ICD-9 or ICD-10: What Is the Point?

Karna W. Morrow, CPC, RCC, CCS-P, PCS
Senior Consultant, CSI Coding Strategies, Inc, Powder Springs, GA

Regardless of which version you are considering, the International Classification of Diseases, Clinical Modification (ICD-CM) is a morbidity classification published by the United States for classifying diagnoses and reasons for visits in all healthcare settings. ICD-CM is based on ICD, the statistical classification of diseases published by the World Health Organization.

Unfortunately, to most providers and coders in the United States, the ICD-CM code set has been reduced simply to a means of reimbursement. That narrow thinking may completely miss the point.

One key component of any medical document is accurate and complete communication: document (or report) the most appropriate specificity about the patient’s condition. This assists in the treatment of patient care, is used for future treatment plans, and, once that clinical information is translated into data, becomes the database from which healthcare is monitored and measured.

Somewhere along the line, though, this key step has been reduced to a shortcut that has created a database that will eventually shortchange the provider and the patient. Oncologists will often describe the complexity of their patients: the challenging medical decisions required of them each day because of the diverse clinical demographics of their patients, and the frequent but lengthy visits required to manage the myriad of side effects, complications, and even chronic medical conditions they inherit as they become a primary point of medical contact.

The data tell a different story. The database of diagnosis codes would imply that patients with cancer are rarely seen for anything but a primary condition. Multiple high-level evaluation and management (E/M) services are required to manage cancer when the specific site is unreported. The average oncology claim indicates “lung cancer,” “breast cancer,” or perhaps “anemia.” The database would imply that less than a handful of patients have neoplasm-related pain, anemia resulting from chemotherapy, or even long-term drug use.

As the industry debates the value of implementing the ICD-CM, Tenth Revision (ICD-10-CM), please take the time to determine the value of the data from your own office in comparison to the real story shared by the clinicians in your office. Run a frequency report on the diagnosis codes reported within the past 6 months. You have been working on clinical documentation improvement for months, but everyone is waiting for the magic “go live” date for ICD-10-CM to test the value of that project. Why wait?

Increased specificity in the reporting process is needed now, is available now, and will generate a more accurate database from which the new formula for physician reimbursement will be created. If we are to have any hope of being appropriately reimbursed in the future when we are under a case mix, pay-for-performance, or even quality outcome measurement system, we need accurate data.

Look at that frequency report. Based only on the data (which is what the payers see), how many patients in your practice were seen to manage their chemotherapy- related or neoplasm-related pain? How many were seen for the well-known side effects: nausea, vomiting, fatigue, or neuropathy? How many developed systemic conditions as a result of the treatment and/or the malignancy? Drill down on anemia—how many patients have anemia as a result of chemotherapy versus anemia as a stand-alone condition? If you had to project the likelihood of a secondary malignancy or the recurrence of a malignancy from any given primary site, could you, from the data you have in your practice?

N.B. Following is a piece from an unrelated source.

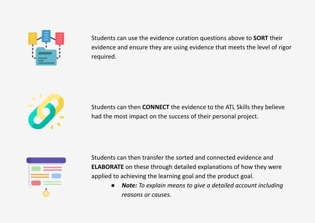 - Have I selected evidence that shows my ability to independently transfer knowledge gathered in my pursuit of the learning goal and the ATL skills I have selected to the creation of my product goal?
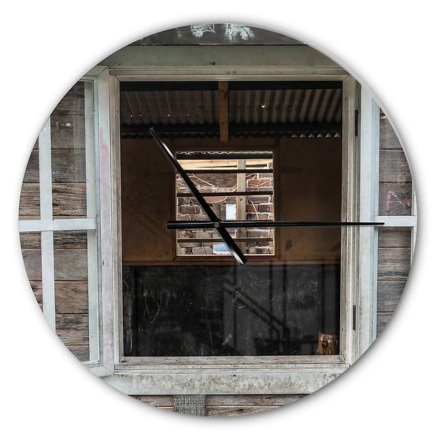 Round White Metal and Wood Wall Clock

Unfortunately, most could not. We have developed a habit of linking E/M services to the most generic cancer code available. We endure payer audits focused on our levels of E/M services—focused on our use of modifier 25—and yet we continue to submit generic, unspecified diagnosis codes that will continue to raise an audit alert. Imaging studies are ordered for the primary cancer, despite the reality that the magnetic resonance imaging (MRI) really was not about the pancreatic cancer, but about the patient’s complaints of persistent headaches and blurred vision. The MRI was to evaluate for metastases, but the “reason for exam” did not state that. And we will continue to be audited for our “excessive orders.” We will continue to see limits placed on the imaging studies we order, because the data do not support the medical necessity of the current process.

ICD-10-CM may be the best catalyst we have had in decades to clean up the reporting process related to the treatment of this complex patient population. If the specific location of the malignancy is known, report it. When the patient is seen and resources are used to manage the side effects, report them. If resources are expended to evaluate scans, compare treatment plans, and manage the referrals and opinions from multiple providers, translate that paragraph in the medical record into the appropriate diagnosis codes now. The codes exist today.

Do not delay the implementation of ICD-10-CM content in your practice. Do not focus on the code set; focus on the primary benefit of that code set. You will position your practice to be the one with the data when the new reimbursement model is defined and implemented.